Authorized by: [TECH LEAD NAME]
Date: [DATE]
8. Time Estimates & Critical Path
Detailed Task Breakdown
Phase 2.3a: Dependency Update
| Task | Effort | Critical Path |
|---|---|---|
| Update dependencies (go get) | 5 min | YES |
| Run go mod tidy & verify | 5 min | YES |
| Build Docker image | 7 min | YES |
| Container security scan | 5 min | YES |
| Smoke test (login, list users) | 5 min | YES |
| Subtotal | 27-30 min | Serial |
| Buffer (10% for troubleshooting) | 3 min | - |
| Total | 1 hour | ✅ Realistic estimate |
Phase 2.3b: Async Email Refactor (Option A)
| Task | Effort | Critical Path |
|---|---|---|
| Code change (wrap in goroutine) | 5 min | YES |
| Update user_handler.go | 5 min | YES |
| Add error logging (Logger usage) | 3 min | NO |
| Build & compile test | 2 min | YES |
| Unit test addition (response time test) | 10 min | NO |
| E2E test validation (#248) | 10 min | YES |
| Test suite validation (all user tests) | 10 min | YES |
| Code review & fixes | 5 min | YES |
| Subtotal | 50 min | Serial |
| Buffer (10%) | 5 min | - |
| Total | 55-60 min ~= 1 hour | ✅ Within estimate |
Phase 2.3c: Auth Token Refresh
| Task | Effort | Critical Path |
|---|---|---|
| Verify refresh endpoint exists (manual test) | 5 min | YES |
| Create/update auth fixture file | 15 min | YES |
| Add token refresh interval logic | 10 min | YES |
| Add token caching (file-based) | 8 min | NO |
| Update test imports/usage | 5 min | YES |
| 60-min test validation | 10 min | YES |
| Cache verification (second run) | 5 min | NO |
| Code review & fixes | 5 min | YES |
| Subtotal | 40 min | Serial |
| Buffer (10%) | 4 min | - |
| Total | 44-45 min ~= 1 hour | ✅ Within estimate |
Timeline Visualization
Parallel Execution (Recommended)
Timeline (hours)
0h 1h 2h 3h
|-----|-----|-----|
2.3a: [=====] 1h (Dev A: Dependencies)
2.3b: [================] 1h (Dev B: Async Email)
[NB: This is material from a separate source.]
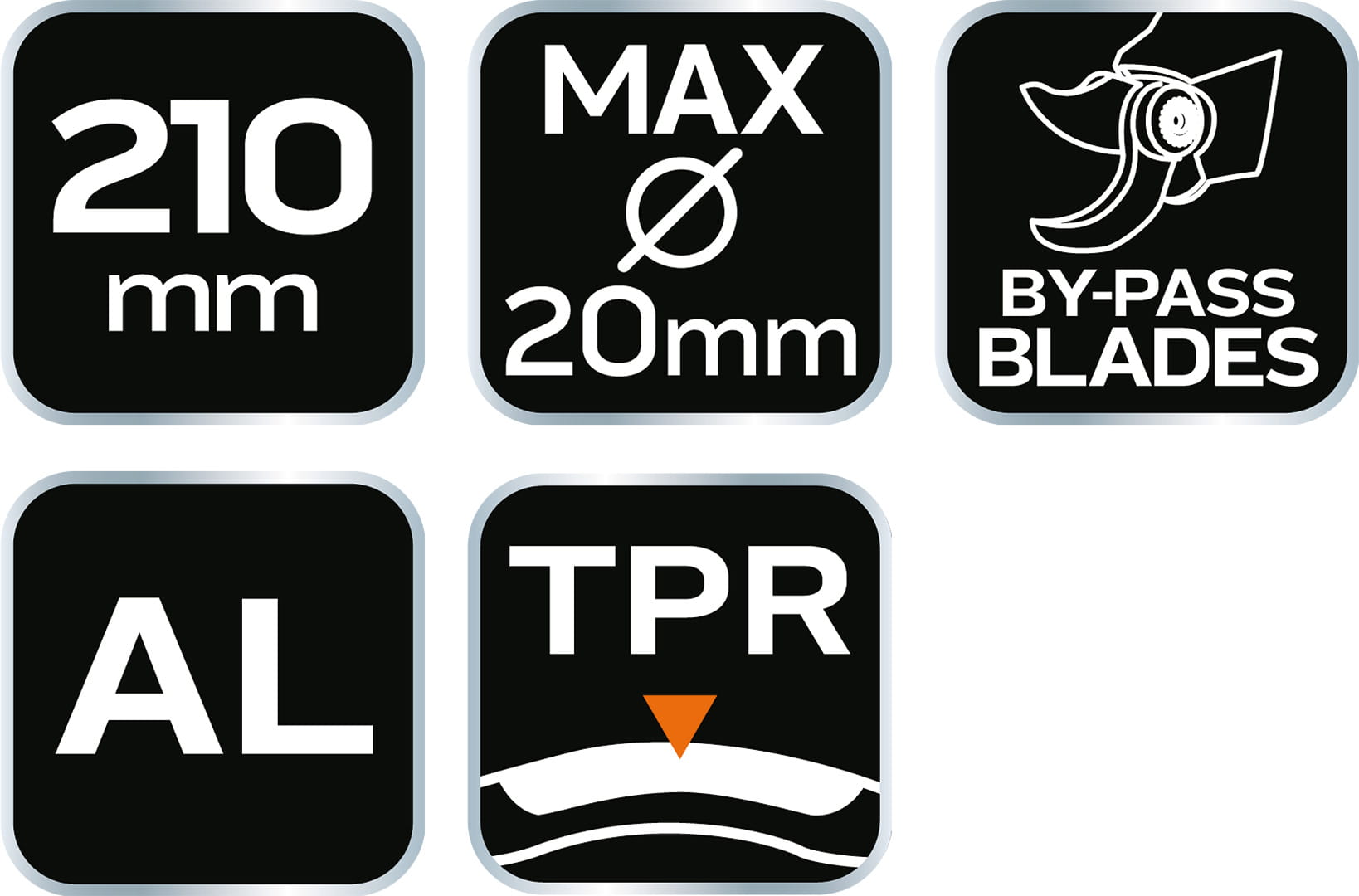 Sekator by-pass 210 mm, zakres do 20 mm, aluminiowy, uchwyt pokryty gumą TPR 15-212 marki NEO o długości całkowitej 210 mm, oferuje średnicę cięcia do 20 mm. Sekator wyposażony jest w stalowe ostrza z nieprzywierającą powłoką. Dobrze sprawdza się do cięcia kwiatów, przycinania żywych gałązek oraz młodych pędów. Posiada ergonomiczny uchwyt z aluminium z miękkimi elementami TPR. Za sprawą ostrza do świeżego i mokrego drewna charakteryzuje się większymi możliwościami. Blokada ostrza wpływa na bezpieczeństwo narzędzia. Sekator marki NEO polecany jest profesjonalistom oraz miłośnikom ogrodnictwa.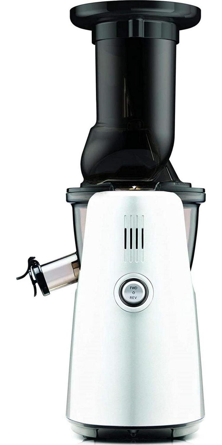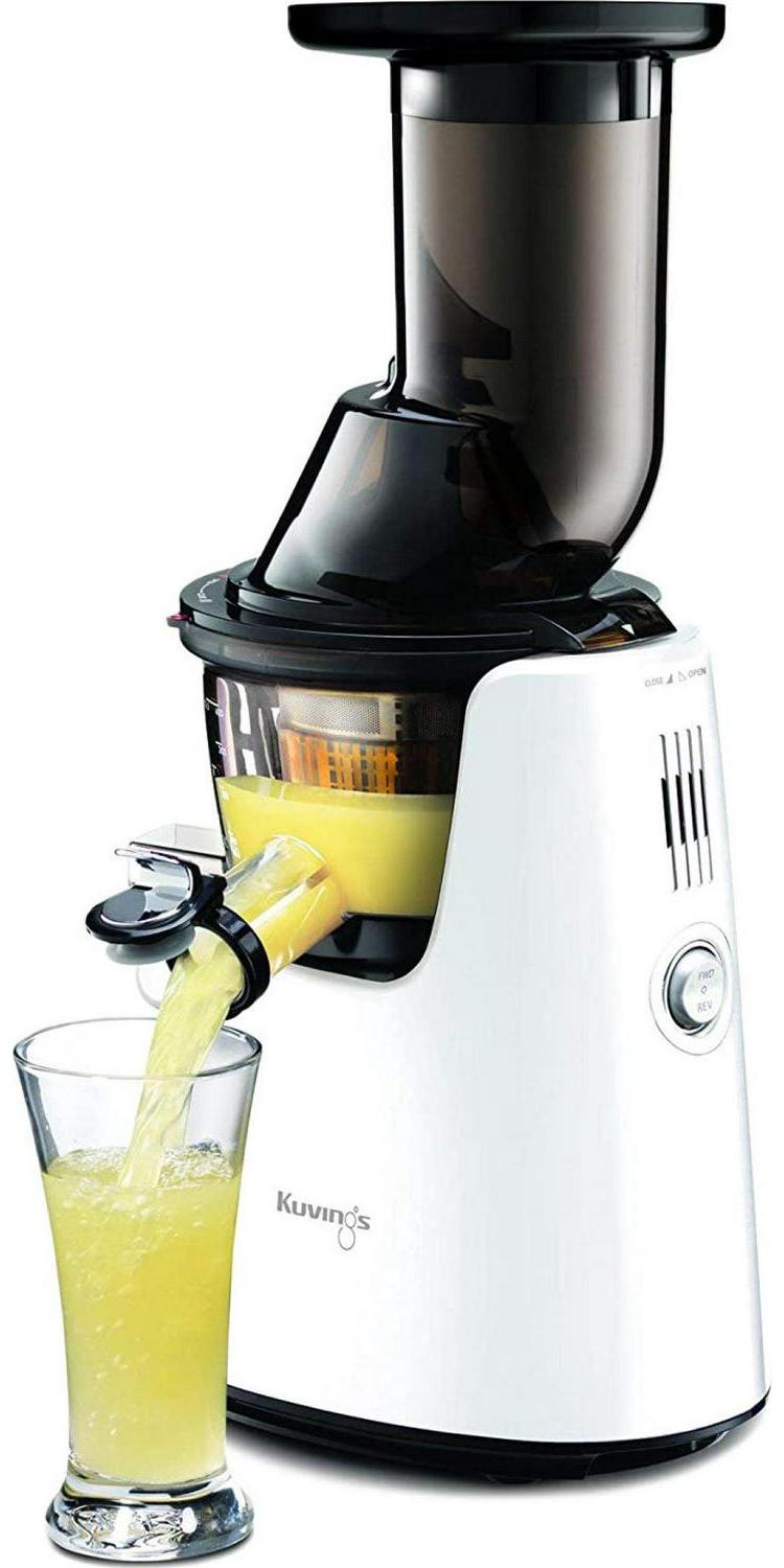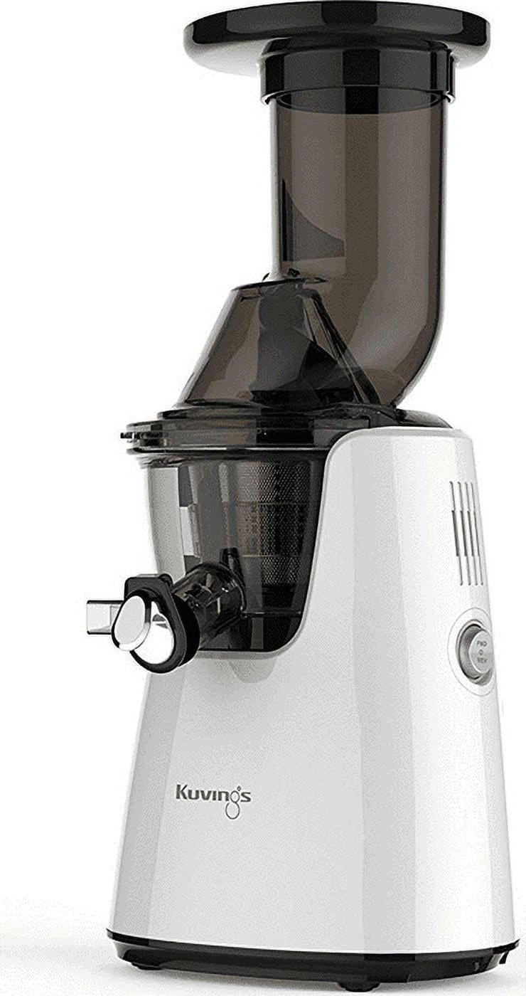 Make better, healthier juices, creamy, rich smoothies, or fruity, refreshing sorbet with Kuvings’ Whole Slow Juicer Elite. This juice extractor slow squeezes using a masticating style to preserve the enzymes and nutrients in juice. Plus, its 3 inch wide feeding tube can fit whole produce so you don’t have to slice up your fruits and veggies before juicing. The machine’s 3 interchangeable strainers make a variety of beverages and treats, while the leak-proof design features ensure a mess-free and thoroughly convenient blending experience. And the Whole Slow Juicer functions quietly, producing less noise and vibration than standard juicers, thanks to its slow spinning motor. So make that early morning fresh juice, fruit smoothie, or energy drink, or healthy late night snack without worrying about interrupting your family’s sleep schedules! The Whole Slow Juicer Elite is ideal for all types of fruits and vegetables including leafy greens, wheat grass, carrots, apples, and more. Backed by a manufacturer’s 10-year limited warranty. Measures 9″ x 8″ x 18″.Features of the Kuvings Whole Slow Juicer Elite Silver Pearl include:Slow squeezing, masticating style juice extractor with upgraded juicing screwNewly designed smart cap prevents leaking and mixes ingredients thoroughly for richer juices3 inch wide feeding tube accommodates whole fruits and vegetables3-in-1 multi-function with strainers for juice, smoothies, and frozen dessertsLeak-proof juicing bowl with all-in-one bottom makes cleaning and assembling easierSlim, space-saving design and quiet functioningRotating cleaning brush for juice strainer maintenanceSafety-lock and cooling systemExtracting container is made with BPA-free TritanJuice strainer and screw with strong UltemManufacturer’s 10-year limited warranty Measures 9″ x 8″ x 18″

2.3c: [============] 45m (Dev C: Auth Token)
|
3b mark (all complete: <1.5h wall-clock)
Wall-clock total: 1 hour (limited by longest task = 2.3b)
Sequential Execution (If 1 developer)
Timeline (hours)
0h 1h 2h 3h
|-----|-----|-----|-----|
2.3a: [=====] 1h
2.3b: [================] 1h
2.3c: [============] 45m
|
2h50m (all complete)
Wall-clock total: 2h50m
Critical Path Analysis
Critical path = longest task dependency chain
2.3a: 1 hour (completely independent)
2.3b: 1 hour (can start immediately, no deps on 2.3a)
2.3c: 45 min (can start immediately, depends on refresh endpoint existing)
↓
If refresh endpoint missing: +30 min implementation needed
Longest path: max(1h, 1h, 45min) = 1 hour in parallel
Realistic Time Estimates with Buffers
| Scenario | Estimate | Confidence | Notes |
|---|---|---|---|
| Best case (no issues) | 1 hour | 20% | All changes work first try |
| Expected (1-2 small issues) | 1.5 hours | 70% | Typical: need one test retry, one small fix |
| Worst case (major issue) | 3 hours | 10% | Unlikely: e.g., refresh endpoint missing |
Recommended buffer: 1.5 hours total (50% of base estimate) Plan for: 10:00-11:30 (assuming 09:30 start)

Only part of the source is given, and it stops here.